Le 23 juin dernier, nous apprenions dans cet article que la ville de Lyon annonçait également sa volonté de se séparer du géant américain Microsoft pour des solutions de logiciels libres, dont la suite bureautique OnlyOffice et le système de gestion de base de données (SGBD) Postgre SQL.

Encore une fois, le besoin de souveraineté numérique est invoqué, mais également le besoin de prolonger la durée de vie des équipements informatiques dans un souci d’écologie.

Le projet EU OS

Alors que les questions de souveraineté numérique remontent actuellement à la surface, un projet en code source ouvert commence à faire parler de lui. Bien qu’en phase de développement, EU OS se veut une alternative sécurisée, modulable et dédiée aux administrations publiques des pays européens.

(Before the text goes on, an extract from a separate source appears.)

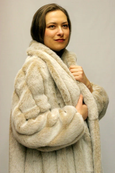 This is 100% faux fur not real. Faux Fur Mink Coat Faux Fur Snow Top Coat Fur Type: Faux Mink Collar: Shawl Length 48 Inches Hook and Eyes Closure Manufactured: USA
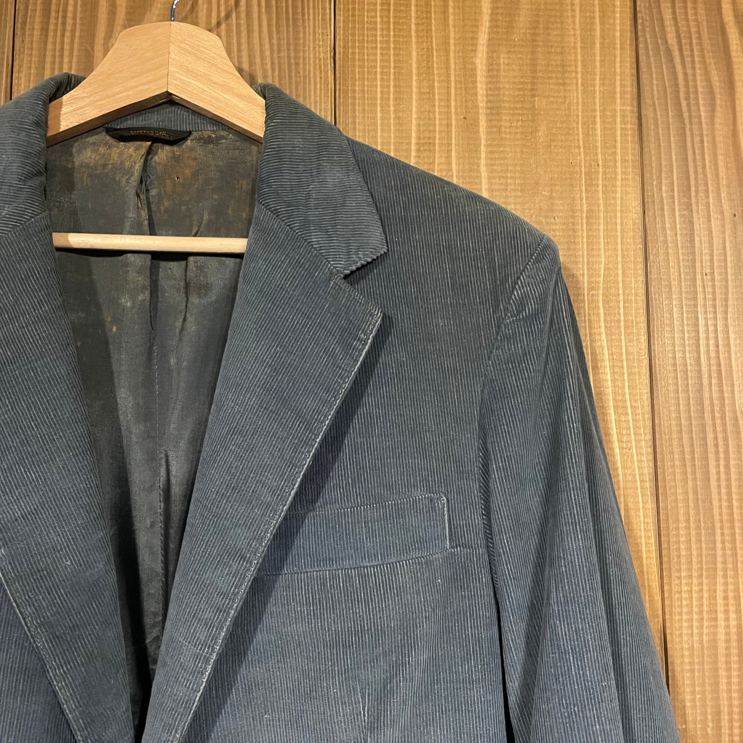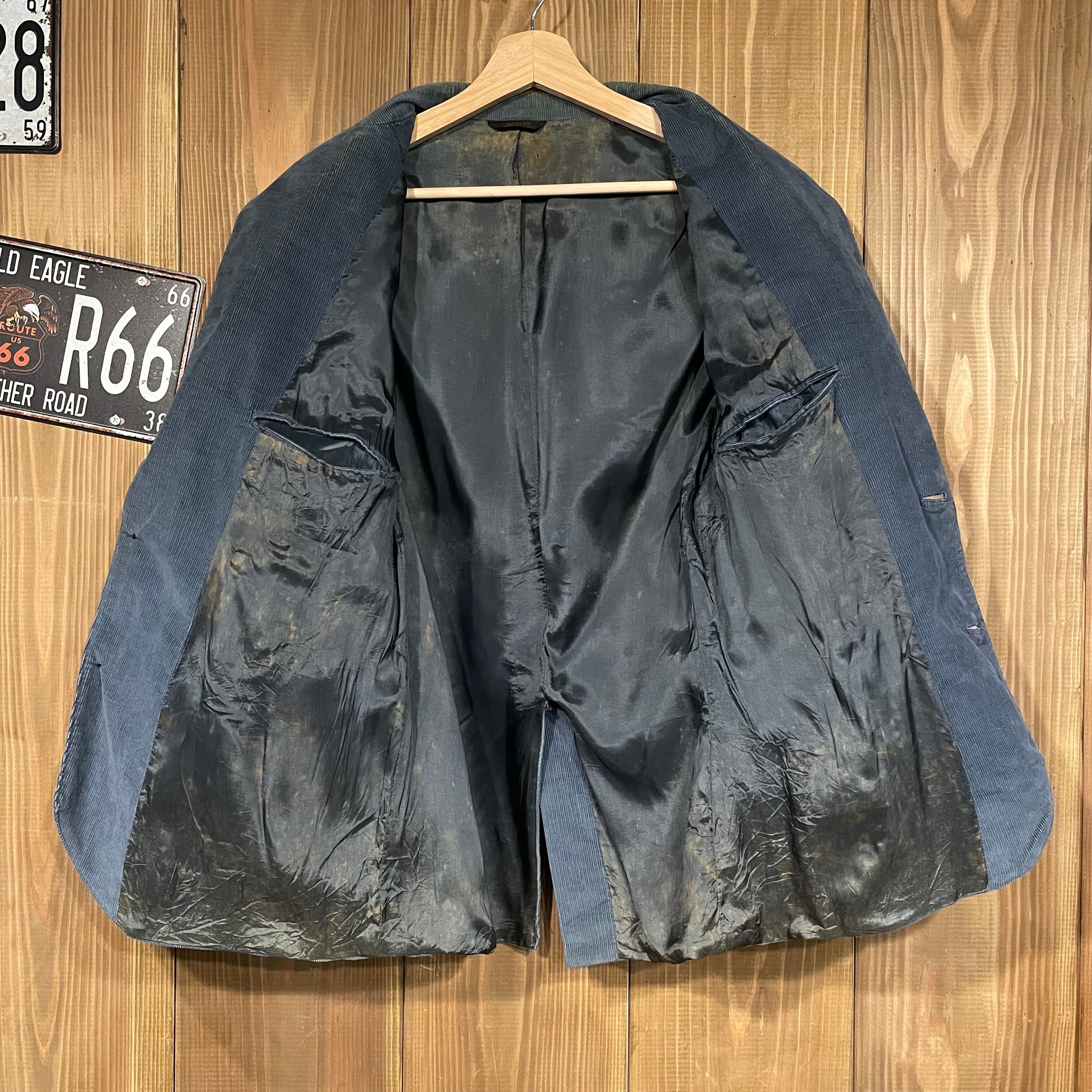 80s USA製 コーデュロイジャケット テーラード ジャケット ヴィンテージ ブレザー フェード ブルー グレー フォーマル シングル

Bien que le projet ne soit pas officiellement supporté par l’Union européenne, le projet, basé sur la distribution Fedora, n’en demeure pas moins ambitieux et prometteur. Ce sera assurément un projet à suivre.

D’autres cas dans le monde

Il serait trop long de répertorier toutes les initiatives qui ont eu ou ont cours afin d’atteindre une indépendance et une autonomie face aux géants américains. Que ce soit quelques projets en Angleterre, dont les neuf programmes lancés avec IBM en 2003, ou encore les deux systèmes d’exploitation Linux, Bharat (BOSS) et, plus récemment, Maya OS utilisés par le gouvernement indien, les initiatives se multiplient et je crois que nous n’avons pas fini d’en entendre parler.

Ce type de projet s’inscrit dans un mouvement plus large en Europe et dans le monde, où de nombreux gouvernements cherchent à réduire leur dépendance aux logiciels propriétaires, principalement américains, et à favoriser l’innovation par l’utilisation de solutions à code source ouvert sur lesquels ils peuvent avoir davantage de contrôle.

Par ailleurs, Linux est reconnu pour être moins gourmand que Windows en ce qui a trait aux ressources et à la puissance informatique requise pour le faire tourner, permettant ainsi une plus longue durée de vie des milliers d’ordinateurs que possèdent les administrations publiques.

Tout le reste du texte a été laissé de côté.